Since this is my first post here, I thought I’d share a little bit about how I ended up as a ‘modern homesteader’ on a little acreage in the West Coast bush.
Growing up in a small industry town on the southwest coast of British Columbia, Canada, with a dad who loved the outdoors and friends whose parents were loggers and fishermen, you couldn’t help but be influenced by ‘the country’. We spent weekends in the mountains and on the water, mucking around alpine lakes and ocean shores, basking in silence and solace. We lunched on grilled cheese in logging camps and lounged on floats and docks where the smell of creosote mixed with the pungent funk of salty low-tide in the hot, still summer sun. We spent a lot of time outside.
Life was pretty idyllic. We didn’t have a farm, just a vegetable garden and a woodstove (which I never learned how to light!), but I had ‘homesteading’ in the blood from way, way back in my lineage. I guess you could say country living was part of me.
But as often happens in rural communities, within weeks of graduating from high school I turned my back on my small town roots and headed to the ‘big city’. I spent the next 22 years working and building a career, making friends, attending theatre and, concerts, and enjoying all the wonders the city has to offer. But there was always that little niggling tug in the back of my mind:
“You don’t belong here.”
Fast forward a decade or so to a week I spent at a retreat center at a remote ex-commune on the coast of BC. Located on gorgeous piece of land a hundred miles or so north of Vancouver, it sat on the exact spot where a group of families homesteaded in the early 1900s. Barn, cow, pigs, turkeys, chickens, gorgeous vegetable gardens, orchard, multiple dwellings – Fiddlehead Farm had it all.
And it was the scene of one of the most life-altering weeks of my life.
The family who owned the farm were reintroducing the homesteading lifestyle to hundreds of travellers and even locals who wanted a little taste of what life could be like ‘off grid’. We even got to milk the cow. And paddle alone on a deserted mountain lake at dawn. It was incredible… and it was the spark that ignited the dream to return to my rural roots.
It was also around this time that I got the distinct feeling that moving out of the city and learning some rural living skills was going to prove very helpful in the not too distant future.

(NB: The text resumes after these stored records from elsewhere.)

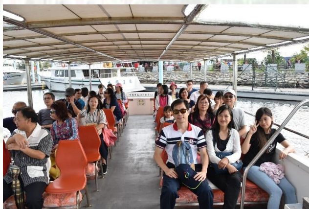
系友聯誼活動合照
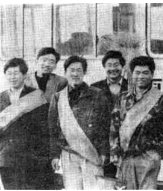
市运输三公司团总支队员们坚持岗位学雷锋，大力倡导敬业精神、义务奉献精神及厉行节约的良好风气，多次受到共青团省、市委的表彰，最近又被团市委评为学雷锋先进集体。

付窝乡党委、乡政府把基层调解工作作为社会治安第一道防线，紧把关口，常抓不懈，调解成功率达到95.7%，促进了社会治安的稳定。
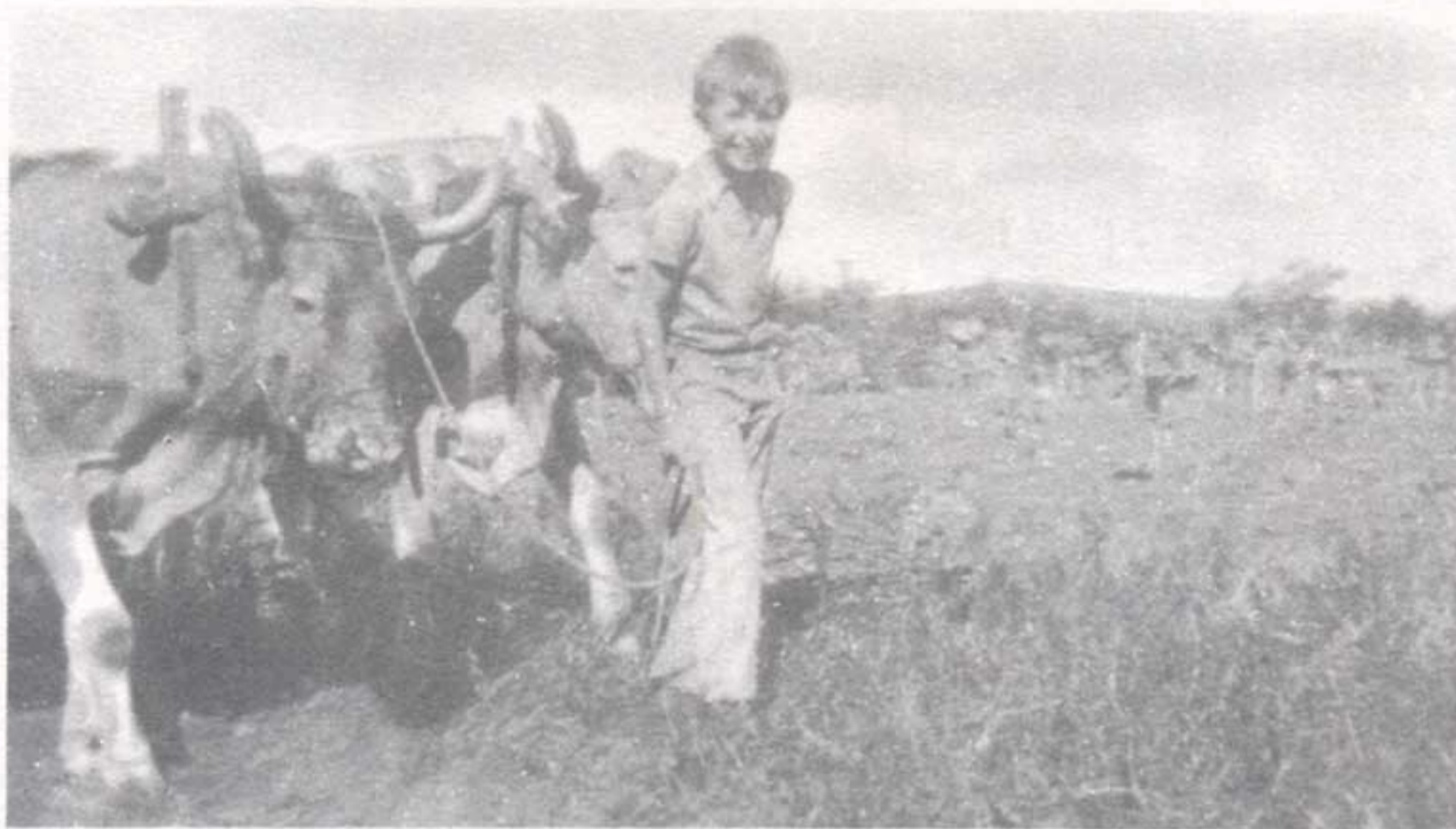
Aquí vemos como la Galicia Rural conserva el tradicional sistema de cultivo de la tierra.

niendo por otra parte de las mínimas condiciones de seguridad, higiene, iluminación que cabe exigir a un local destinado a tal fin. La solución a este problema, fue posible gracias al decidido interés demostrado por todas las personas, cediendo sus casas, que fueron habilitadas para aulas de clase; de esta forma logramos disponer de 4 locales, distribuidos en distintos lugares de la Parroquia para facilitar a los alumnos sus desplazamientos.
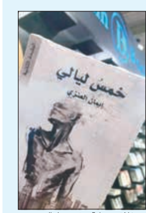
..وغلاف رواية «خمس ليالي»
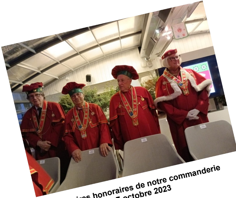
Dignitaires honoraires de notre commanderie Le 7 octobre 2023
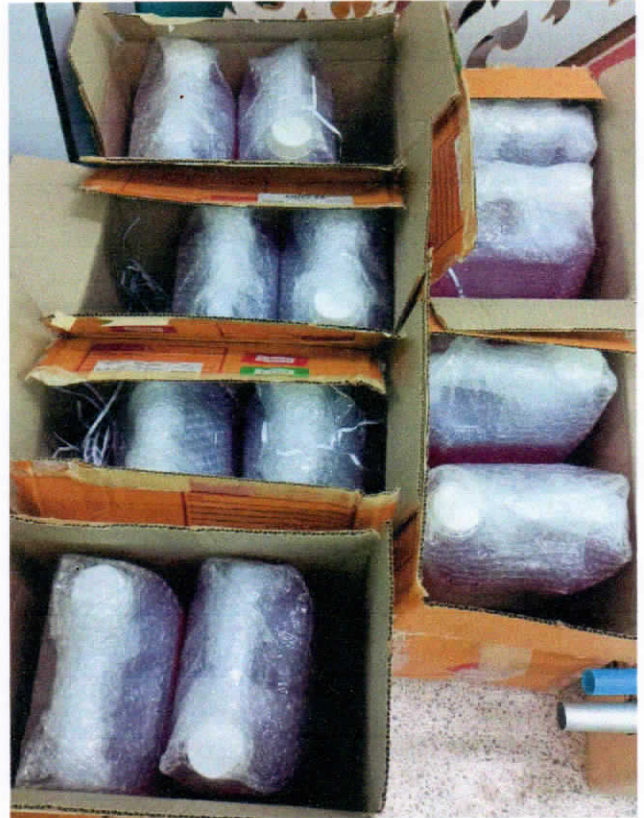
เจลแอลกอฮอล์ล้างมือ ขนาด 1 ลิตร จำนวน 60 ลิตร
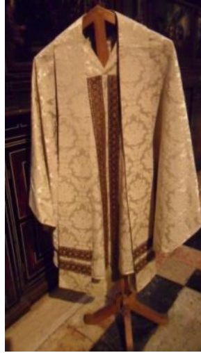
Text 73 – Roque) – IMSRL
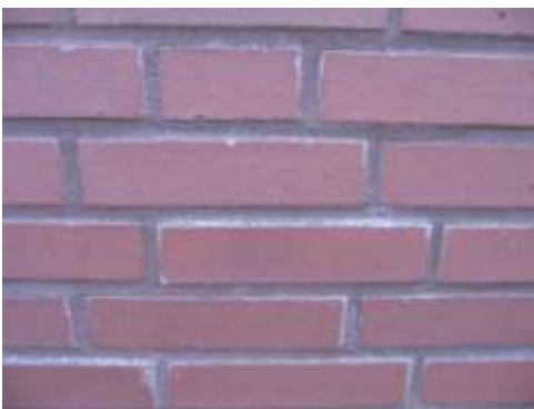
Smetranden door metselmortel

Wanneer een voegmortel op kleur gewenst is dan is het ter voorkoming van smetranden op de stenen aan te bevelen om ook de metselmortel op kleur van de voegmortel te kiezen.
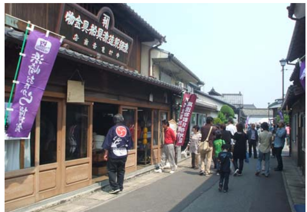
伝統的建造物群保存地区補助事業により修景された船具店。1階の引き戸、2階の出格子、銅製の看板、瓦屋根等の保存修理を行った。今では、ボランティアガイドのコースの一つとなっている。
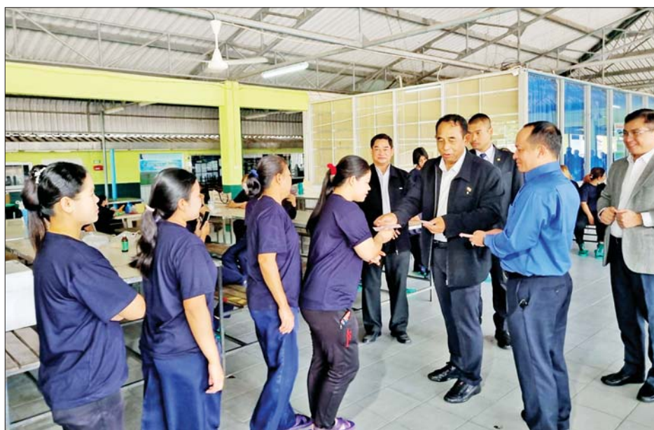
ပြည်ထောင်စုဝန်ကြီး ဦးမြင့်နောင် ထိုင်းနိုင်ငံ ဆူရတ်ဌာနမြို့ရှိ Asian Seafoods စက်ရုံတွင် မြန်မာလုပ်သားများကို တွေ့ဆုံအားပေးစဉ်။

နေပြည်တော် ဒီဇင်ဘာ ၇ အလုပ်သမားရေးရာ ကိစ္စရပ်များ ပူးပေါင်းဆောင်ရွက်နိုင်ရေး မြန်မာ-ထိုင်း နှစ်နိုင်ငံ အလုပ်သမားဝန်ကြီးများ တွေ့ဆုံဆွေးနွေးမှု ပြုလုပ်ရန် ထိုင်းနိုင်ငံသို့ ရောက်ရှိနေသည့် အလုပ်သမားဝန်ကြီးဌာန ပြည်ထောင်စုဝန်ကြီး ဦးမြင့်နောင် ဦးဆောင်သော မြန်မာကိုယ်စားလှယ်အဖွဲ့သည် ထိုင်းနိုင်ငံဆိုင်ရာ မြန်မာသံအမတ်ကြီး ဦးချစ်ဆွေနှင့်အတူ ယနေ့တွင် မြန်မာအလုပ်သမားများ အများဆုံးနေထိုင် အလုပ်လုပ်ကိုင်လျက်ရှိသည့် စက်ရုံ၊ အလုပ်ရုံများသို့ သွားရောက်တွေ့ဆုံအားပေးပြီး မည်သူမည်ဝါ ဖြစ်ကြောင်း သက်သေခံလက်မှတ် (Certificate of Identity- CI) ထုတ်ပေးရေးစခန်း ဖွင့်လှစ်မည့်နေရာများသို့ သွားရောက်ကြည့်ရှုသည်။

I’m no ‘visionary’, but I’ve always had a knack for tapping into the leading edge of the zeitgeist. Or to put it another way, I’ve always been a little ‘ahead of my time’. Which makes me an oddball to some… but that’s OK. It’s a label I’ll gladly accept. That said, being ‘ahead of your time’ often means you’re just a bit too far in front of the curve to turn a hunch into a business – or even a blog.
Case in point: back in the mid-1980s, I had the thought of starting a chain of coffee stores where one could have a real ‘café’ experience with delicious coffee, like in Europe, but in Vancouver. At that time, cafes were ‘coffee shops’ served nothing but oily muffins and doughnuts and the décor was pretty cheesy, plastic, and downright grungy. So after visiting the cafes of Italy, France and Austria following high school, I was smitten with the whole idea. Now, did I act on it? Clearly, I did not. But the guys who started Starbucks did. And the rest, as they say, is history.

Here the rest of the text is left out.